We need to change the language we use in order to change the housing policy debate from one that focuses on building homes for individual ownership in a dysfunctional housing market to one that focuses on increasing the supply of new homes in a range of tenures. The UK housing market is dominated and skewed by house builders who have a vested interest in maintaining scarcity of housing supply to boost speculative profits for them and land owners. It is has been further skewed by ‘Right to Buy’, ‘Help to Buy’, ‘Buy to Let’ and, in London at least, ‘Buy to Leave’, all of which have done nothing to increase the supply of homes that are genuinely affordable for working households without the taxpayer paying ever increasing housing benefit subsidies to landlords.
The Tories are good at this language game. There is nothing “Affordable” about ‘Affordable Rents’. Nigel Farage is also abysmally good at it, parking his by-election “UKIP Tanks on Tory Lawns”. On our own lawn, ‘The Mansion Tax’ might not be the right language to use. Despite its good intentions, a broader more equitable review of council tax bands might be a better policy.
In discussing our dysfunctional housing market we need to engage in the debate on our own terms. As Labour’s shadow housing minister, Emma Reynolds MP, rightly said at our recent London Labour Housing Group AGM, there is nothing wrong in recognising the aspirations of the upcoming generation to own their own home. But what is wrong is that this aspiration is only open to a shrinking number fortunate enough to be able to buy, mostly with the help from ‘the Bank of Mum and Dad’. But to describe this as ‘getting on the Housing Ladder’ is to use the language of the dysfunctional market. It makes out that ‘Getting on The Ladder’ as soon as you can is desirable because house prices will inevitably continue to rise relative to earnings and, if you don’t get on ‘The Ladder’ now you never will. ‘The Housing Ladder’, driven out of the reach of many by inflationary house prices, has been generous to ‘Generation Property’ but has condemned ‘Generation Rent’ to housing poverty and creates systemic economic risks.
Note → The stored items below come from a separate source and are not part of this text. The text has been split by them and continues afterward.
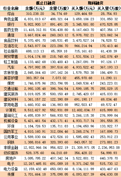 表:8月30日申萬一級行業(yè)兩融交易情況
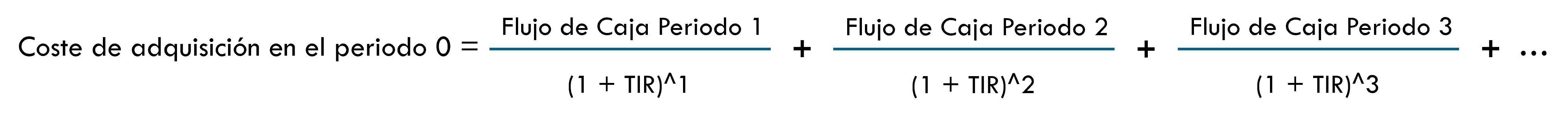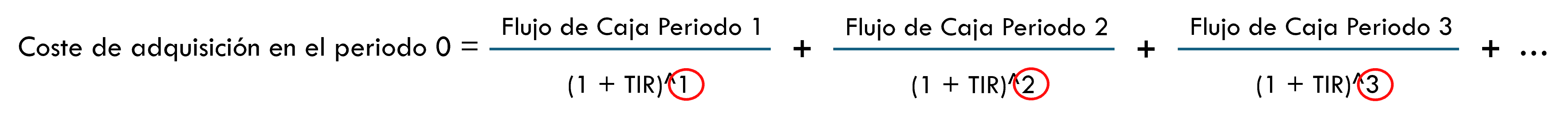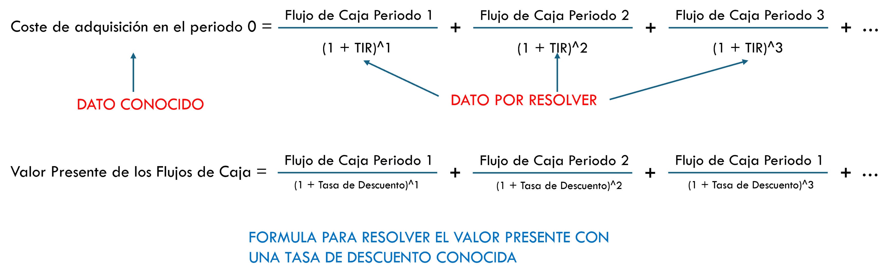 Recordatorio: La fórmula de la TIR es la fórmula del valor actual, sólo que, en lugar de resolver el valor actual, conocemos el valor actual y resolvemos la tasa de descuento (la TIR).
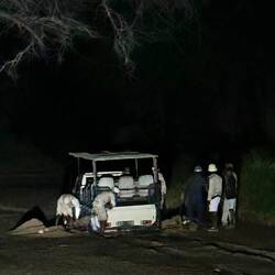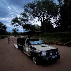 Doch dann passierte das Unerwartete: Unser Fahrzeug blieb im schlammigen Flussbett stecken. Zunächst konnten wir uns noch durch ein kurzes Rückwärtsmanöver befreien. Zuerst dachten wir es sei eine scherzhafte Showeinlage unseres Guides, da wir leider keine Tiere auf der Safari sehen konnten. Doch einige Minuten später steckten wir endgültig fest – und das in der Dämmerung. Die Dunkelheit kroch unaufhaltsam heran, und mit ihr die Erkenntnis: Hier kommen wir nicht mehr allein raus. Ein Notruf wurde abgesetzt und die Nacht wurde pechschwarz. Lediglich die Blitze der umliegenden Gewitter waren ab und an eine Erleuchtung für uns, auch wenn ein Blitz unweit von uns einzuschlagen schien. Es hätte an der Stelle eh kein Unterschied gemacht ob der Blitz direkt in uns einschlägt oder im Auto. Zu dem Zeitpunkt standen wir schon im halbnassen Flussbeet und der Safari-Waagen hätte auch keinen Schutz geboten.

Ladders are dangerous things. Perhaps rather than talking about ‘the Housing Ladder’ we should talk about ‘the Housing Escalator’. Escalators only go one way but those nimble enough to get on them only gain if house prices continue to rise because housing remains a scarce commodity.
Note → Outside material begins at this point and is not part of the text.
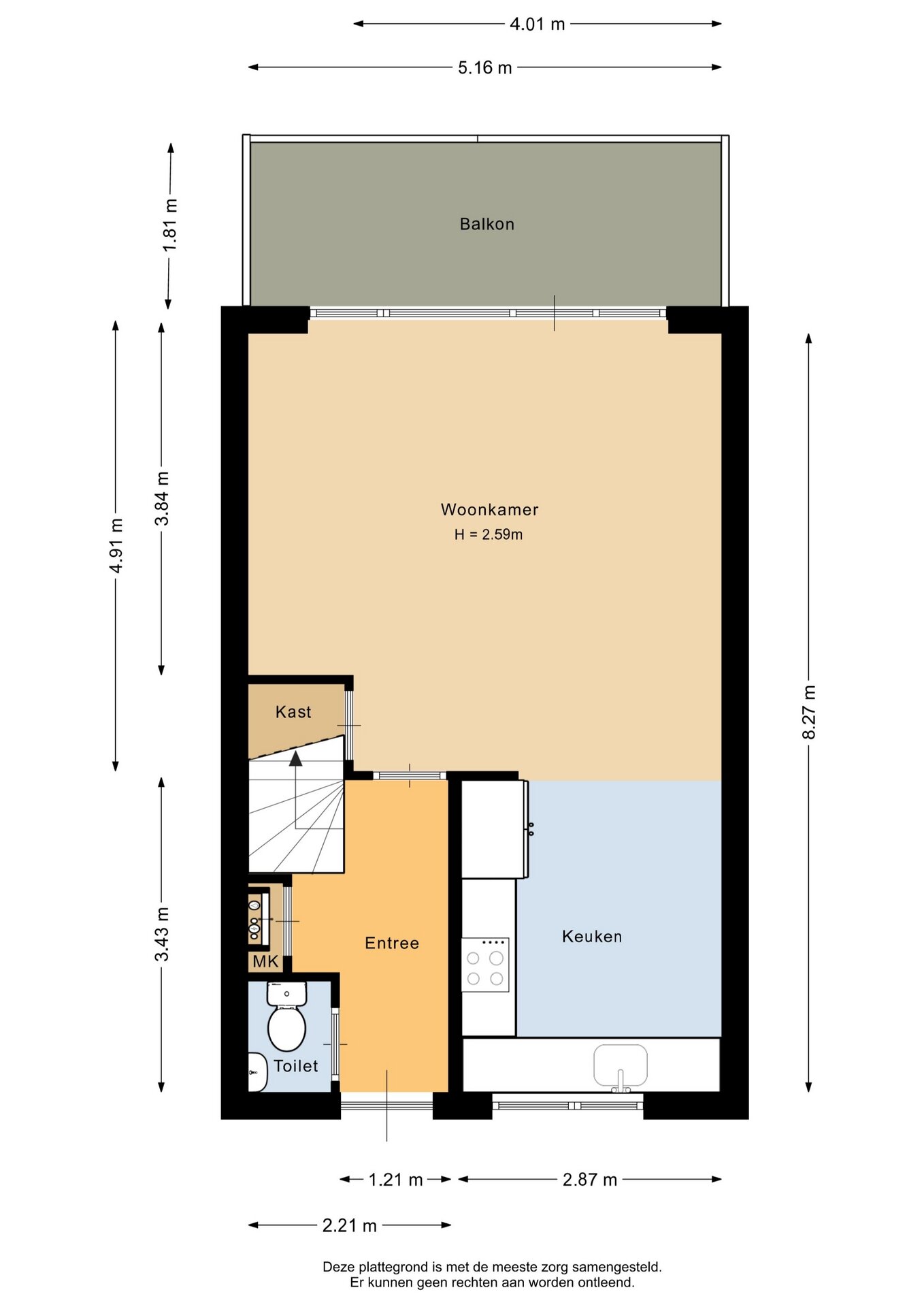 “Deze informatie is door ons met de nodige zorgvuldigheid samengesteld. Onzerzijds wordt echter geen enkele aansprakelijkheid aanvaard voor enige onvolledigheid, onjuistheid of anderszins, dan wel de gevolgen daarvan. Alle opgegeven maten en oppervlakten zijn indicatief.”
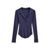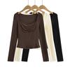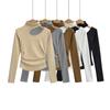 8182-24 Outono Nova American Pure Desire forrado de lã Crewneck Backing Shirt Plissado Slim Curved Hem T-shirt

Pardon the pun, but I accept that the language of ‘Housing Escalators’ might be a step too far.
Seriously though, let’s stop using the language of our dysfunctional housing market. Emma spoke eloquently about Labour’s policies for three year private sector tenancies, putting a ceiling on rent increases and banning letting agents from charging fees to tenants. But we need to use eloquent positive language too about ‘Visionary and Ambitious’ housing policies: ‘Stable House Prices’ achieved by increasing the supply of new ‘Zero Carbon Homes’, ‘Living Rents’, council’s being ‘Free to Borrow Prudentially’ to ‘Invest in New Council Homes’, legislating for ‘New Tenures’ like “Mutual Home Ownership’ that empower communities to ‘Capture the Uplift in Land Value’ through community land trusts, co-operatives and ‘Mutual Retirement Housing’, giving ‘Assured Yields’ to pension fund investors, and ‘Investing Public Land’ to build homes that have ‘Permanent Affordability Built-in’ for for future generations.
Change the language and we change the housing debate. Change the housing debate and we win the election.
David Rodgers is a councillor and deputy cabinet member for housing, employment and skills in the London Borough of Ealing. He is membership secretary of Labour Housing Group and an executive committee member of London Labour Housing Group. From 1979 to 2012 he was chief executive of CDS Co-operatives, a London based co-operative housing association and served as the elected President of Co-operative Housing International. The views in this blog are entirely his own.